┌────────

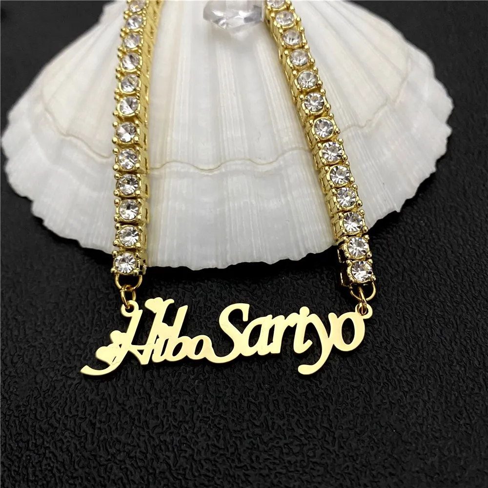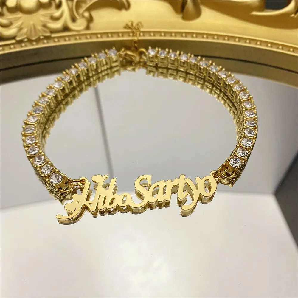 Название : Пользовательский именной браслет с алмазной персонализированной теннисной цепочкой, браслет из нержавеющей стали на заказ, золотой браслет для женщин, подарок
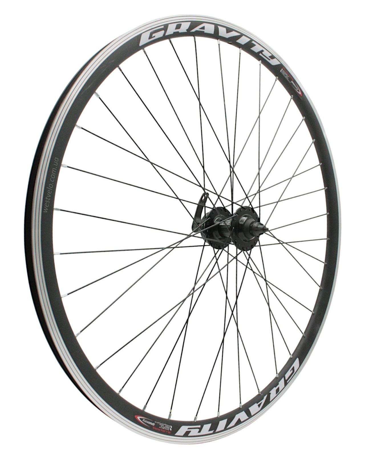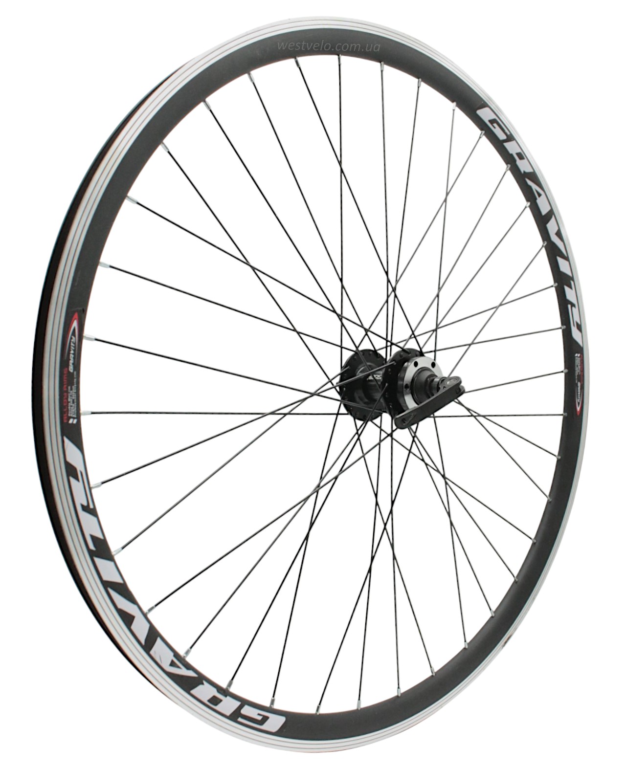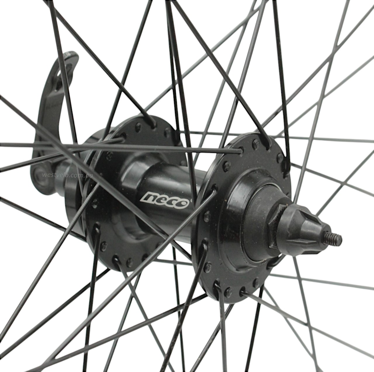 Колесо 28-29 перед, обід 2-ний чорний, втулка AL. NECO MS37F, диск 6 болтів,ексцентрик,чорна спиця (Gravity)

└────────
┌────────

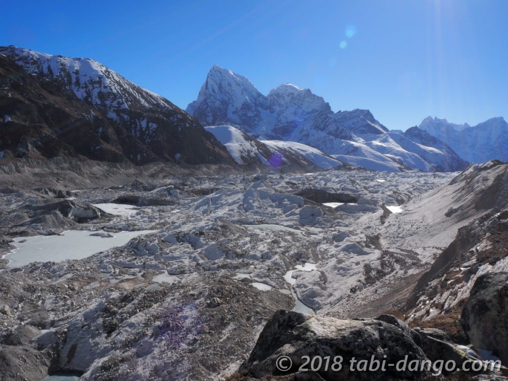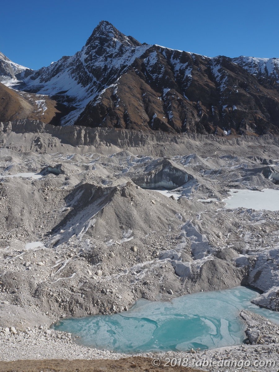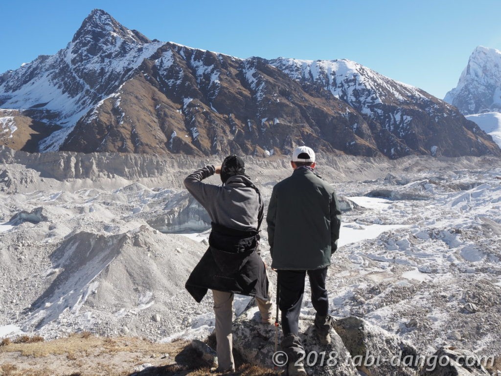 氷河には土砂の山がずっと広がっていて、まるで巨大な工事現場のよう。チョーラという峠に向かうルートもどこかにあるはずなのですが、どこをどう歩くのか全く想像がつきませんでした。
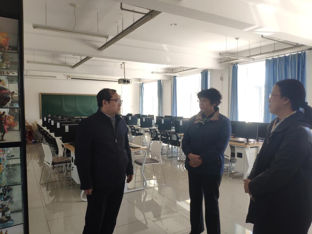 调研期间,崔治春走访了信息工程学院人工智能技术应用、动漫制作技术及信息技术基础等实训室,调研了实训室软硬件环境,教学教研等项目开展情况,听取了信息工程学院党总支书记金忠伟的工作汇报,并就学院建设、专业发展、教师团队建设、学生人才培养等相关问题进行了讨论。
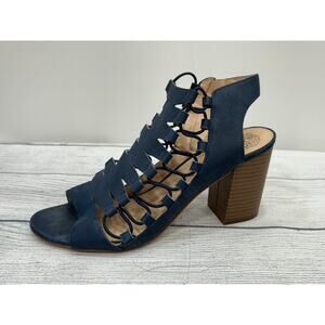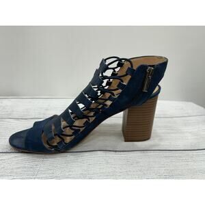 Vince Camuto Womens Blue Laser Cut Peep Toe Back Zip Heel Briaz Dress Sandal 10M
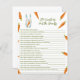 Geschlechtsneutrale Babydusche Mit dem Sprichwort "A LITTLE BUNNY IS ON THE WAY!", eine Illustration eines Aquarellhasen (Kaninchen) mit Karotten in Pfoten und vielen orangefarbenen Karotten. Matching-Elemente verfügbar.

└────────

### WHAT YOU ARE ASKED TO DO
In the listing above, find the line containing "Vince Camuto Womens" and the line containing "Geschlechtsneutrale Babydusche Mit", then print exactly those two lines and every line between them, minus the pictures.

### SOLUTION FOR THIS PROBLEM
 Vince Camuto Womens Blue Laser Cut Peep Toe Back Zip Heel Briaz Dress Sandal 10M
 Geschlechtsneutrale Babydusche Mit dem Sprichwort "A LITTLE BUNNY IS ON THE WAY!", eine Illustration eines Aquarellhasen (Kaninchen) mit Karotten in Pfoten und vielen orangefarbenen Karotten. Matching-Elemente verfügbar.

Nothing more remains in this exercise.